Remède à la migraine des femmes
Méditation XXVI
Dans la Méditation XXVI, « Des différentes armes » utilisées par les femmes à l’encontre de leurs maris, où Balzac annonce sa future « Pathologie de la vie sociale », il réserve un traitement de choix à la migraine.
Voilà la migraine, vraie ou fausse, impatronisée chez vous. La migraine commence alors à jouer son rôle au sein du ménage. C'est un thème sur lequel une femme sait faire d'admirables variations, elle le déploie dans tous les tons. Avec la migraine seule, une femme peut désespérer un mari. La migraine prend à madame quand elle veut, où elle veut, autant qu'elle le veut. Il y en a de cinq jours, de dix minutes, de périodiques ou d'intermittentes.

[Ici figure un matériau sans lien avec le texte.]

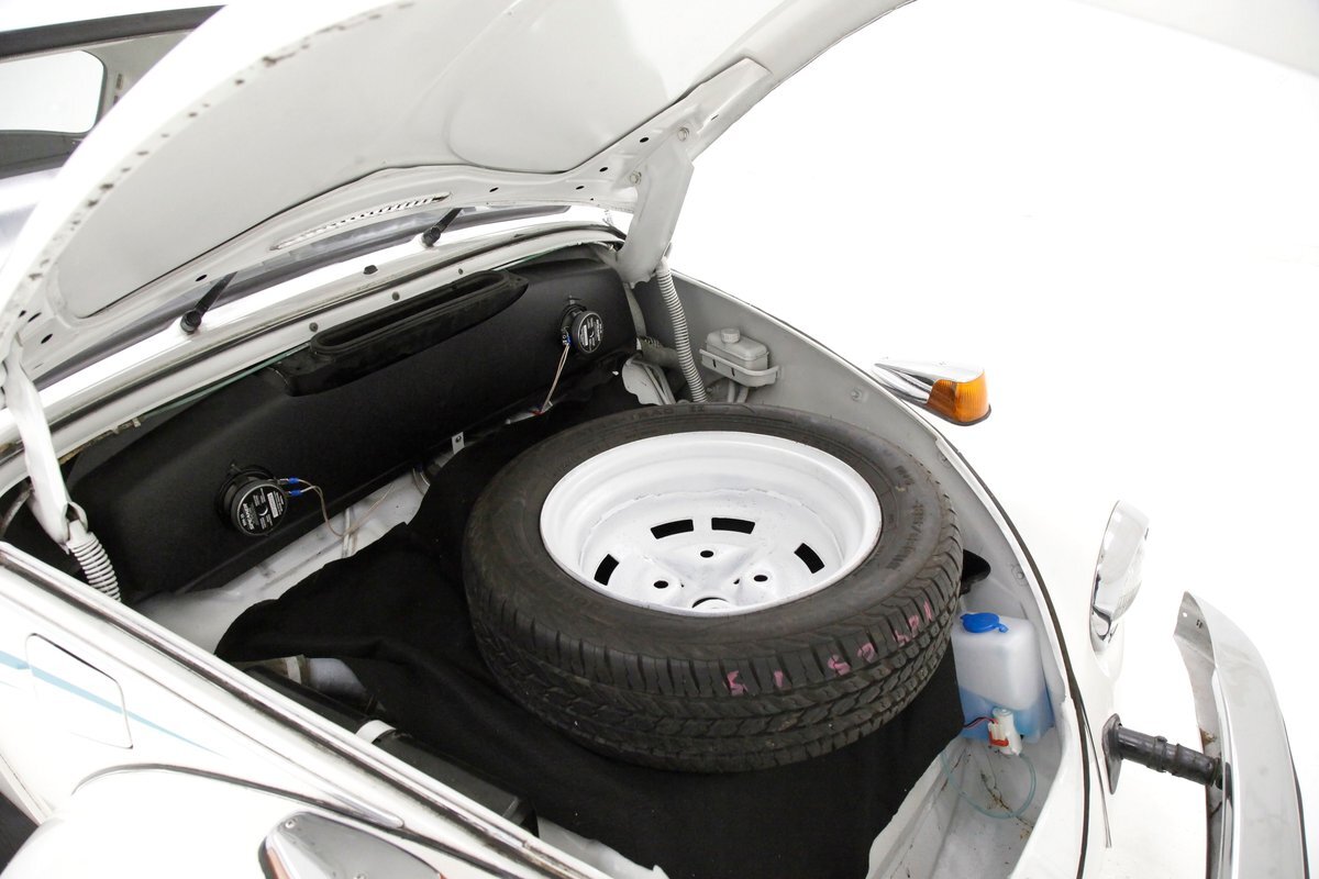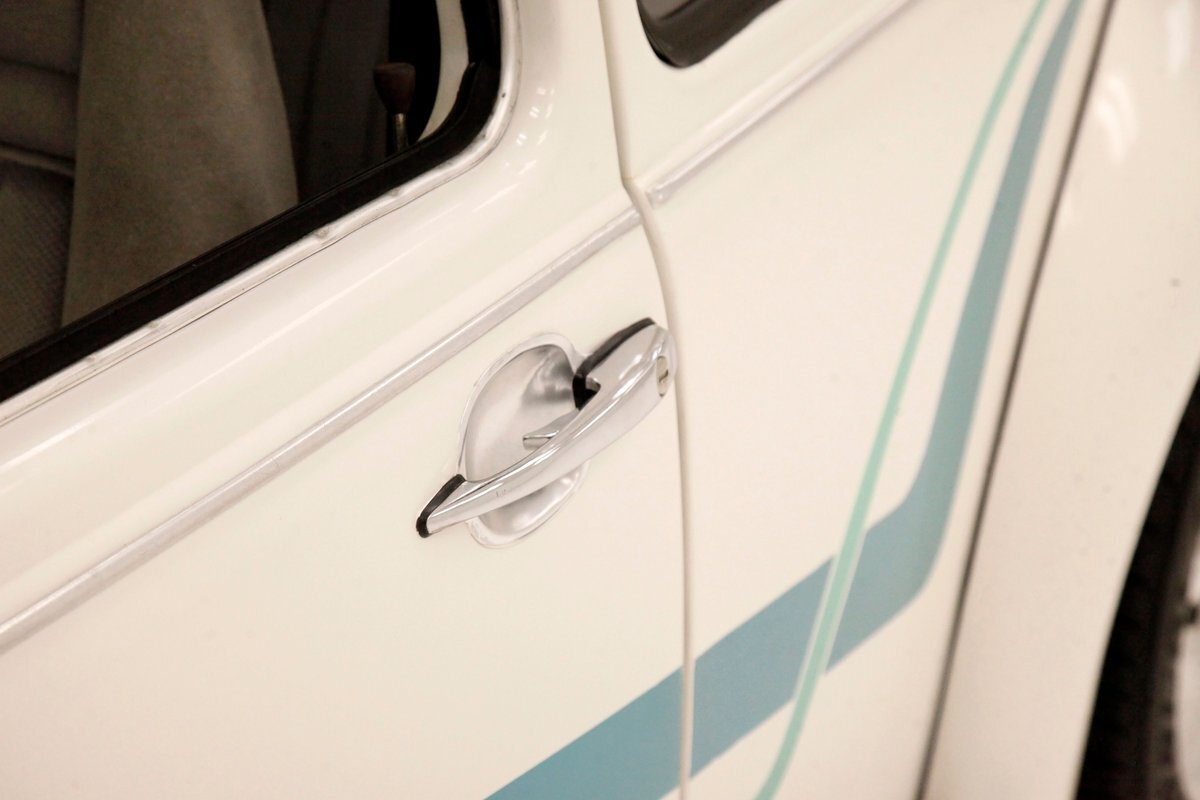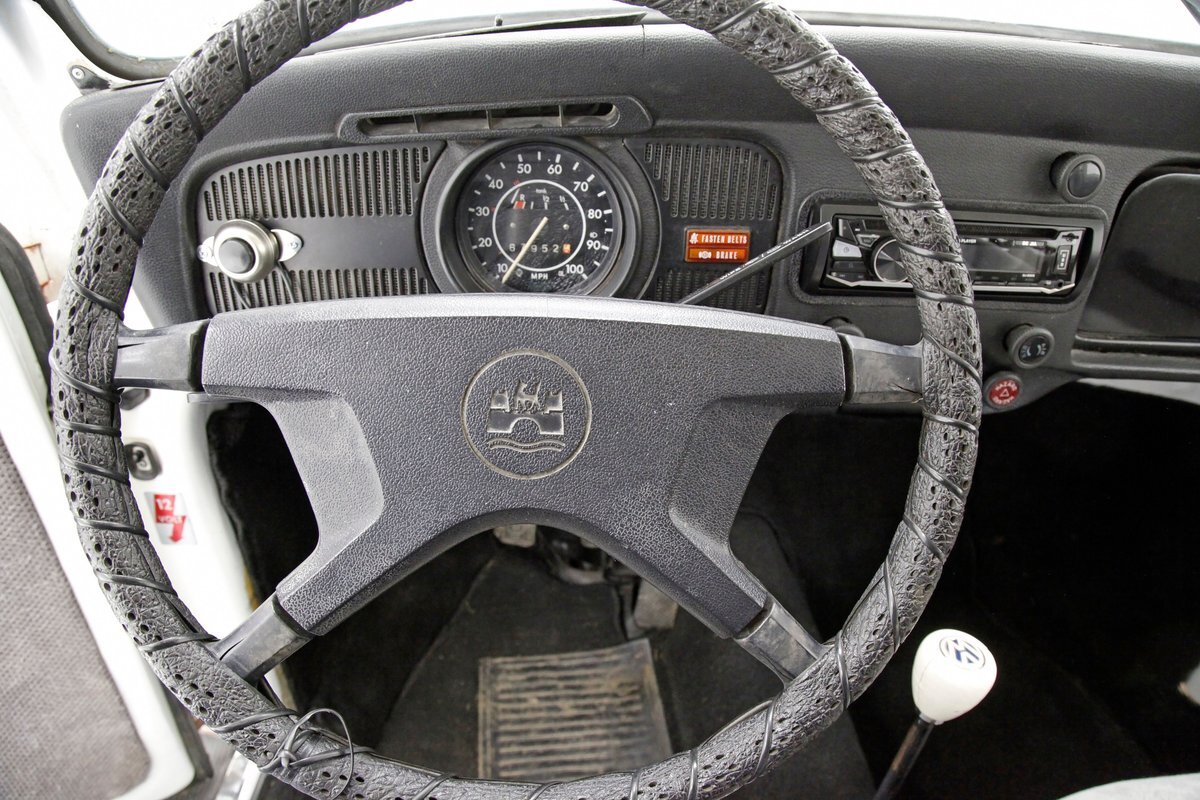 An expertly applied respray of white adorns all the rounded surfaces of this bug. From the hood to the English wheel-esque shaped fenders front and rear, to the rounded roofline and gently sloping rounded rear, which are all presenting in good condition. Gaps are well minded and just like the advertisements did, you could submerge this car in water and remain safe inside! (although we did not submerge it in our local lake Lackanookie due to cold water conditions). Running boards connect the fenders, which show 1974 turn signals attached to the front fenders and thin elephant print brake/backup/turn signal cluster lights attached to the back. The headlights have shiny bezels, making the car seem like it is looking at you. All badging, window surrounds and glass are in good condition. Standard 4 pointed star center steel wheels in white are wrapped in black wall 185/65R15 rubber all around. I need to mention the spiffy retro graphic dual overlapping check marks if you will, adding some interest to the sides of the car painted on in turquoise.

Vous trouvez quelquefois votre femme au lit, souffrante, accablée, et les persiennes de sa chambre sont fermées. La migraine a imposé silence à tout, depuis les régions de la loge du concierge, lequel fendait du bois, jusqu'au grenier d'où votre valet d'écurie jetait dans la cour d'innocentes bottes de paille. Sur la foi de cette migraine, vous sortez ; mais à votre retour, on vous apprend que madame a décampé !... Bientôt madame rentre fraîche et vermeille : – Le docteur est venu ! dit-elle, il m'a conseillé l'exercice, et je m'en suis très-bien trouvée !...
Un autre jour, vous voulez entrer chez madame. – Oh ! monsieur ! vous répond la femme de chambre avec toutes les marques du plus profond étonnement ; madame a sa migraine, et jamais je ne l'ai vue si souffrante ! On vient d'envoyer chercher monsieur le docteur.
– Es-tu heureux, disait le maréchal Augereau au général R...., d'avoir une jolie femme ! – Avoir ! reprit l'autre. Si j'ai ma femme dix jours dans l'année, c'est tout au plus. Ces s... femmes ont toujours ou la migraine ou je ne sais quoi !
La migraine remplace, en France, les sandales qu'en Espagne le confesseur laisse à la porte de la chambre où il est avec sa pénitente.
Si votre femme, pressentant quelques intentions hostiles de votre part, veut se rendre aussi inviolable que la charte, elle entame un petit concerto de migraine. Elle se met au lit avec toutes les
peines du monde. Elle jette de petits cris qui déchirent l'âme. Elle détache avec grâce une multitude de gestes si habilement exécutés qu'on pourrait la croire désossée. Or, quel est l'homme assez peu délicat pour oser parler de désirs, qui, chez lui, annoncent la plus parfaite santé, à une femme endolorie ? La politesse seule exige impérieusement son silence. Une femme sait alors qu'au moyen de sa toute-puissante migraine elle peut coller à son gré au-dessus du lit nuptial cette bande tardive qui fait brusquement retourner chez eux les amateurs affriolés par une annonce de la Comédie-Française quand ils viennent à lire sur l'affiche : Relâche par une indisposition subite de mademoiselle Mars.
O migraine, protectrice des amours, impôt conjugal, bouclier sur lequel viennent expirer tous les désirs maritaux ! O puissante migraine ! est-il bien possible que les amants ne t'aient pas encore célébrée, divinisée, personnifiée ! O prestigieuse migraine ! ô fallacieuse migraine, béni soit le cerveau qui le premier te conçut ! honte au médecin qui te trouverait un préservatif ! Oui, tu es le seul mal que les femmes bénissent, sans doute par reconnaissance des biens que tu leur dispenses, ô fallacieuse migraine ! ô prestigieuse migraine !
Honoré de Balzac, Physiologie du mariage, 1829.